2.6 In reactie op voornoemde memo heeft De Gemeente Ovast bij brief van 8 maart 2012 medegedeeld dat zij voorlopig niet inhoudelijk op het memo zal reageren. Ten eerste wil de Gemeente de besluitvorming door het college van B en W afwachten, waarbij de Gemeente erop wijst dat een interne discussie gaande is betreffende de prioritering van te bouwen woongebieden in de gemeente Utrecht. Ten tweede speelt een rol de discussie tussen Ovast en De Gemeente over de nakoming van de contractuele afspraken in deelgebied ’t Zand te Leidsche Rijn.
2.7 Het SP is op 17 april 2012 door het college van B en W vastgesteld.
2.8 Bij brief van 26 april 2012 heeft Ovast De Gemeente te kennen gegeven dat zij, de Gemeente, op grond van de bouwclaimovereenkomst een inspanningsverplichting heeft, inhoudende dat partijen door onderlinge samenwerking de ontwikkeling en bebouwing van het woongebied Rijnvliet dienen te realiseren. Voorts bericht zij dat Ovast geen partij was bij de in 2004 gesloten samenwerkingsovereenkomst betreffende de ontwikkeling en bebouwing van het woongebied ’t Zand. De Gemeente kan derhalve haar verplichtingen uit de bouwclaimovereenkomst niet opschorten. Ovast heeft de Gemeente in haar brief in gebreke gesteld en gesommeerd het overleg tussen partijen te hervatten uiterlijk in de week van 14 mei 2012.
2.9 De Gemeente heeft Ovast bij brief van 23 mei 2012 bericht dat haar inziens wel verband bestaat tussen de door partijen gemaakte afspraken voor deelgebied ’t Zand en Rijnvliet. Immers de helft van de bouwclaim voor deelgebied Rijnvliet is afhankelijk gesteld van de voldoening van de afkoopsom verplichtingen sociale sector uit hoofde van de samenwerkingsovereenkomst “Het Zand” d.d. 2004 en de samenwerkingsovereenkomst “Leidsche Maan” d.d. 2004 door de aan Ovast gelieerde vennootschap Ovast Ontwikkeling B.V. Ovast Ontwikkeling B.V. neemt de bouwrijpe kavels echter niet af als gevolg waarvan De Gemeente grote financiële schade leidt. De Gemeente verzoekt dat door Ovast - in voldoende mate - zekerheid wordt geboden dat zij de bouwrijpe kavels in Rijnvliet daadwerkelijk van De Gemeente zal afnemen.
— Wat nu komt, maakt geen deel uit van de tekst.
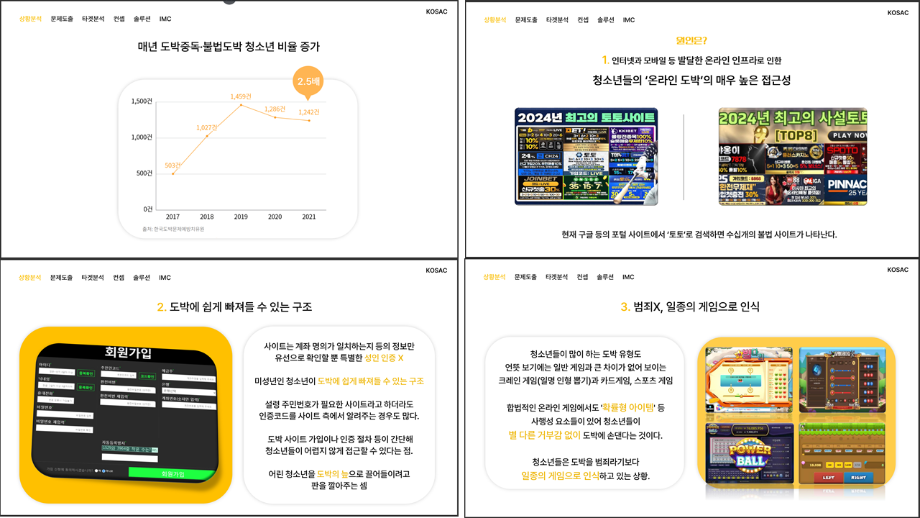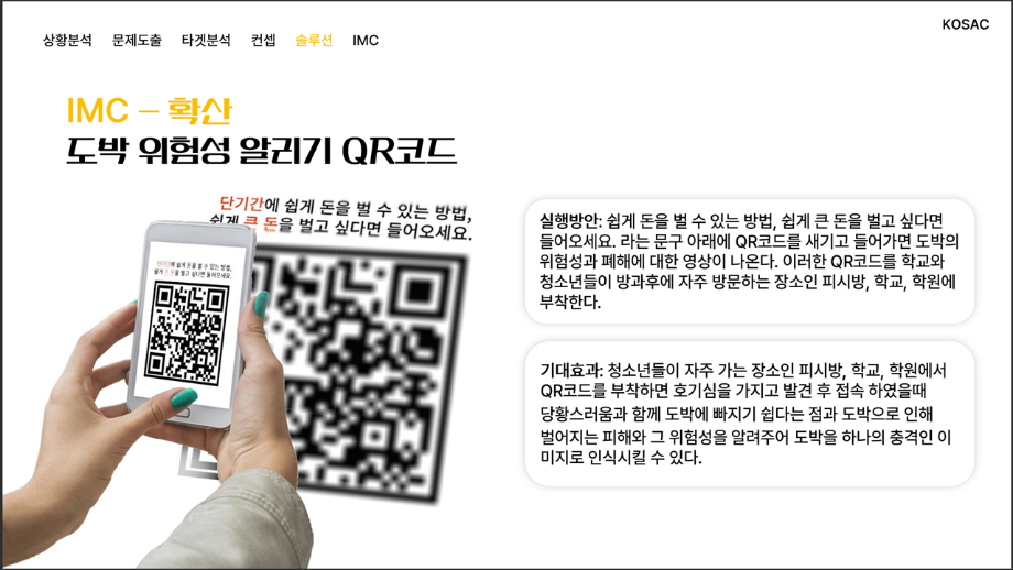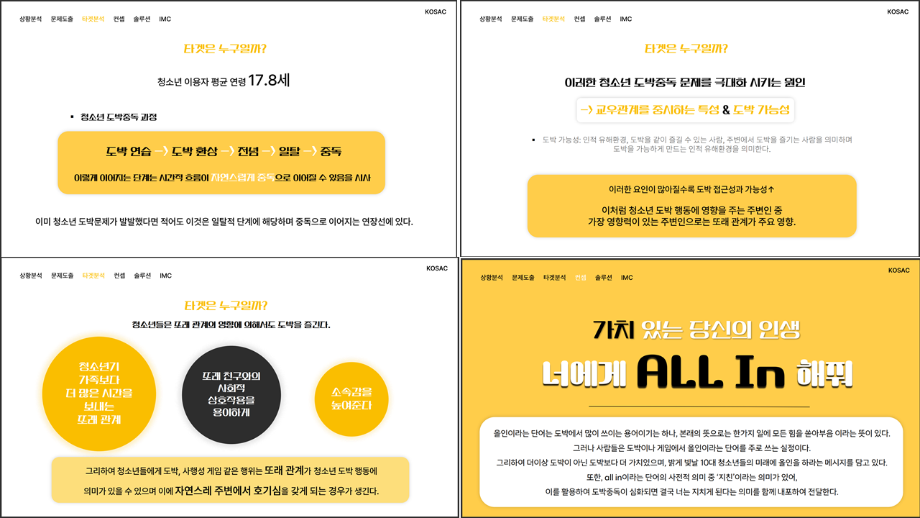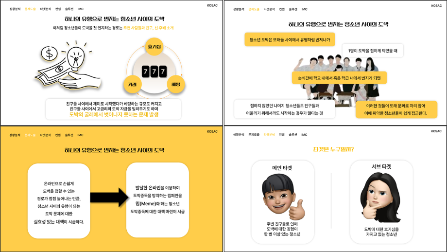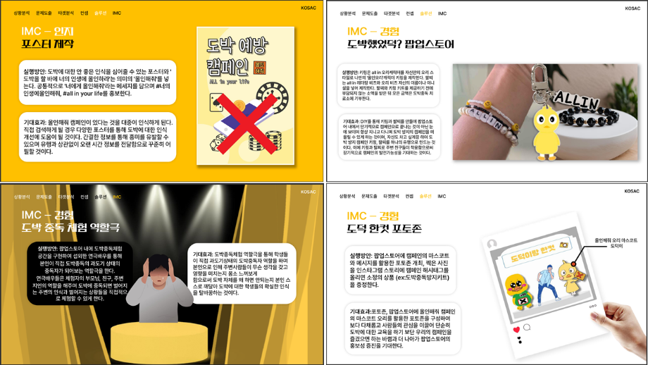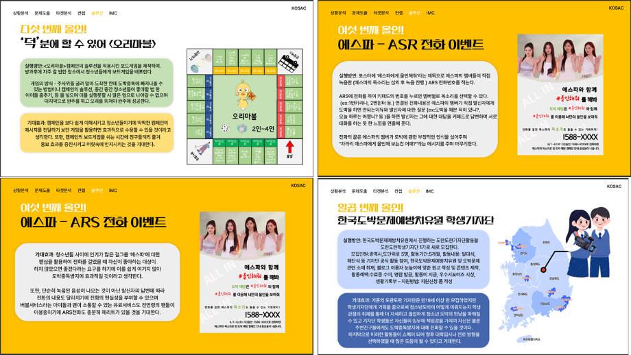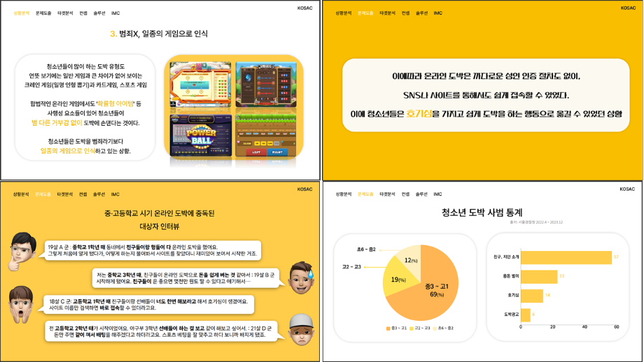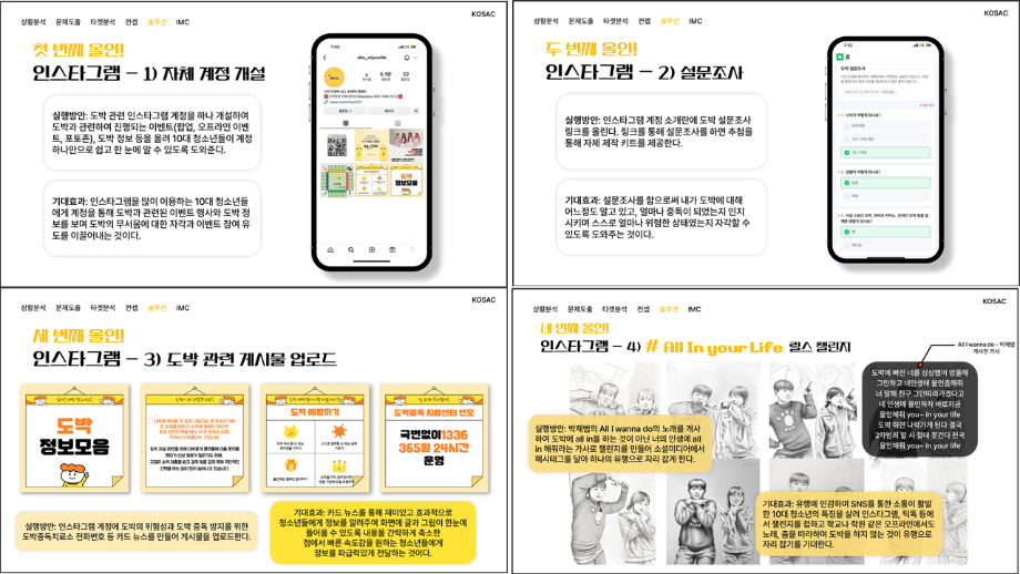본문 시작 홈으로 흥미로운 교육과정 매력적인 학과소개 흥미로운 교육과정 특별CC프로그램 We can 취업 따뜻한 커뮤니티 홈페이지가이드 작품 갤러리 교육일정 교육과정 전공교육 체계도 졸업후진로 작품 갤러리 작품 갤러리 페이스북 트위터 프린트 [2024KOSAC]대한민국대학생광고대회 출품작 광고홍보학과 3801 2024-09-09 2024년도 대한민국 대학생 광고대회 출품작 주제 : 청소년 도박중독 방지를 위한 국민 참여 캠페인 제안서 세명대 광고홍보학과는 '기획맛집'을 지향하고, 이를 인정받고 있습니다 : ) 목록 이전[사회과학조사방법론]키오스경험인식조사 다음 [2024KOSAC]대한민국대학생광고대회 출품작
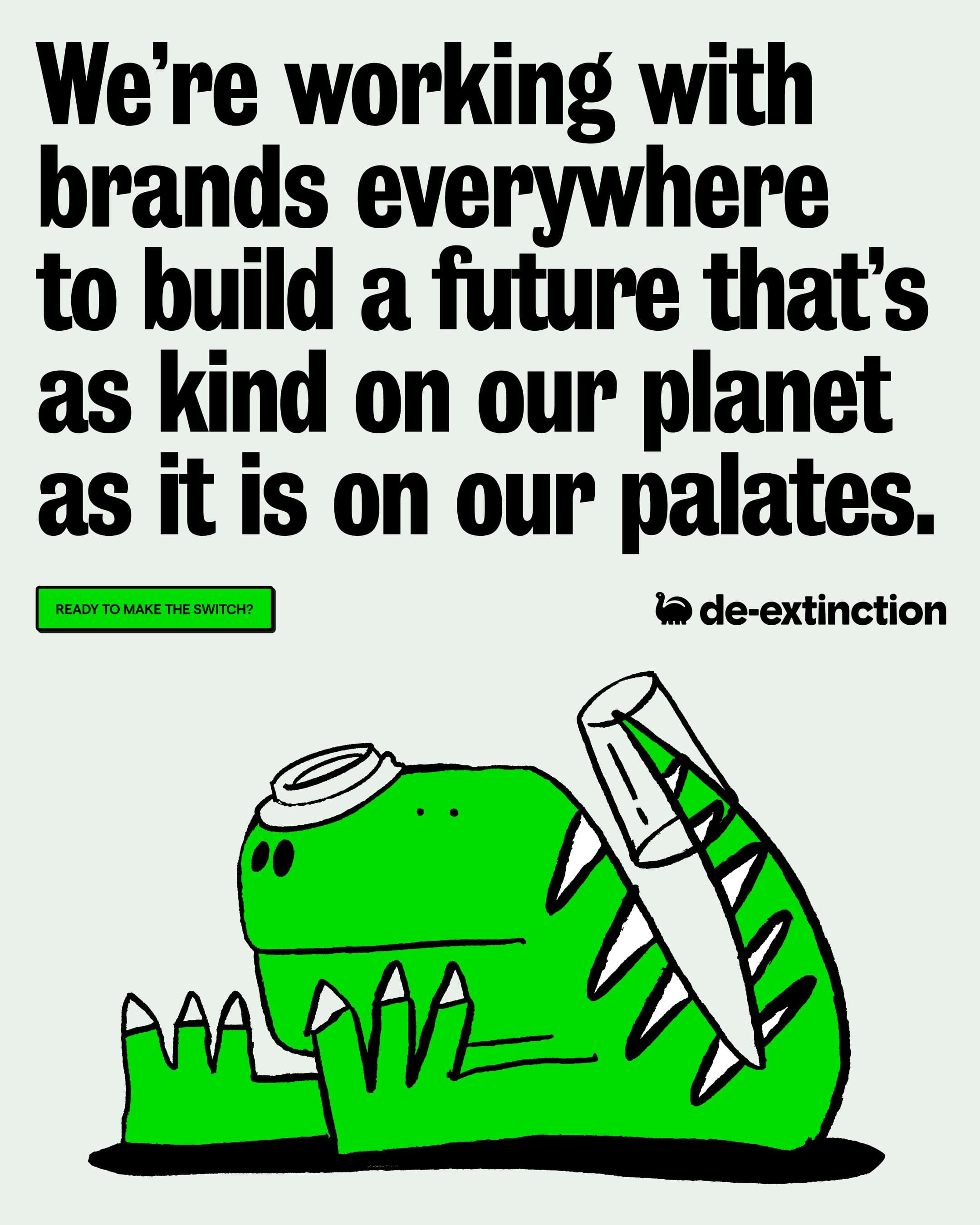 Disposable packaging is stuck in a cycle of bland promises and empty gestures. The category looks transactional, sounds formulaic, and feels hollow. De-Extinction set out to change that by making sustainability urgent, visible and impossible to ignore.

2.10 Ovast heeft bij brief van 4 juli 2012 de Gemeente medegedeeld dat ingevolge artikel 7.2 van de bouwclaimovereenkomst het voorwaardelijk deel van de bouwclaim betrekking heeft op de 532 woningen die volgens de productieplanning horen tot de laatste fase(n) van realisatie van de totale bouwclaim. Nu de eerste fase van 100 te bouwen woningen aan de orde is, kan de gemeente haar contractuele verplichtingen niet opschorten. Met betrekking tot de verzochte zekerheidsstelling merkt Ovast op dat de Gemeente, naast het overeengekomen voorwaardelijke deel van de bouwclaim, thans geen aanvullende voorwaarden meer kan stellen. Daarbij wijst zij er op dat de problemen met betrekking tot de afname van kavels in ’t Zand zijn gerezen als gevolg van het feit dat de Gemeente vasthoudt aan de grondprijsafspraken waardoor afzet van de woningen in de huidige markt zeer moeilijk is geworden, waarbij van belang is dat in tegenstelling tot Rijnvliet, de woningen in ’t Zand voornamelijk appartementen betreffen. Ovast verwacht dat zij de woningen in Rijnvliet, een ander woningtype met vrij uitzicht, - ook in de huidige markt – binnen redelijke termijn zal kunnen verkopen.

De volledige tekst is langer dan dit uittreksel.